Ahora, quien desde hacía años desempeñaba tareas como voluntario, sólo pudo implorar con mirada indecisa:

—Hermano, hoy soy yo quien necesita su ayuda.

—Amigo Puigdevall —respondió el hermano Casajoana, con un abrazo—, sabes de sobra que éste es también tu hostal.

Sin mayores explicaciones, ofreció al profesor la posibilidad de pernoctar en la residencia.

La mañana del domingo 7 de noviembre, el profesor despertó en una litera junto a un senegalés que se había pasado la noche inventariando lo que sin duda debía de ser su almacén: una mochila repleta de copias ilegales de discos compactos y supuestas gafas de sol de Armani.

—¡A mis años y verme así!

Ésas fueron sus primeras palabras del día, dirigidas al hermano Casajoana cuando coincidieron a la hora del desayuno.

—Buenos días, profesor. ¿Nada que contarme?

Tras unos segundos en que mantuvo las manos asidas a la taza de café con leche, cercana a su rostro para aspirar sus estimulantes efluvios, se decidió:

—En resumen, querido hermano, le diría que he dado cobijo a los dos presuntos asesinos del mosén de Boí. Supongo que se habrá enterado. Lo relacionan con una nueva facción de la Inquisición, por el modo en que murió.

El hermano lo miró estupefacto.

—Pero ¿cómo pudo? Una verdadera locura…

El profesor le interrumpió:

—No, hermano. No han hecho nada. Ella es la mejor alumna que ha pasado por mis aulas.

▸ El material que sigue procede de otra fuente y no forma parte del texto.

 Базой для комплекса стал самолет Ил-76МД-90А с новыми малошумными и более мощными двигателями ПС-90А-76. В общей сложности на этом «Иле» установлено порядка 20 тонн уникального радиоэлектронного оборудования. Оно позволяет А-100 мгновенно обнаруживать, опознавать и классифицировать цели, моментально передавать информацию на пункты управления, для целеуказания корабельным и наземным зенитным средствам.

A él no lo conocí hasta ayer, pero no dudo en absoluto de su inocencia. El caso es que acabaron detenidos en mi casa mientras yo me hallaba fuera. Supongo que a los ojos de la justicia, ahora soy un encubridor, un cómplice o algo así: he ayudado a dos prófugos.

—Justicia, ríete conmigo de la justicia —pronunció el religioso mientras se alisaba el cabello—. Es un valor terreno, no divino; necesario sólo cuando fracasa el amor. Pero profesor, ¿por qué no acudir a la policía y contárselo?

—Sí, eso quizá sería lo más fácil, pero ¿y si fueran culpables? ¿O si tuvieran al final algo que ver con los verdaderos autores del crimen? ¿Qué pasaría entonces conmigo? Además, tampoco en la policía es oro todo lo que reluce. He visto algo en uno de ellos que no me ha gustado nada, me ha hecho desconfiar…

—¿De qué se trata?

—He visto tatuada en el cuello de un policía una extraña cruz con un lema en la base:
Maiestas lo Vult
.

—¿Y qué? Antes de ser policía, a lo mejor fue religioso de otra «marca».

—No es ninguna broma, hermano. Un buen amigo se halla con identidad falsa y bajo protección policial desde hace décadas, perseguido por integristas de todo tipo, aunque de otras religiones.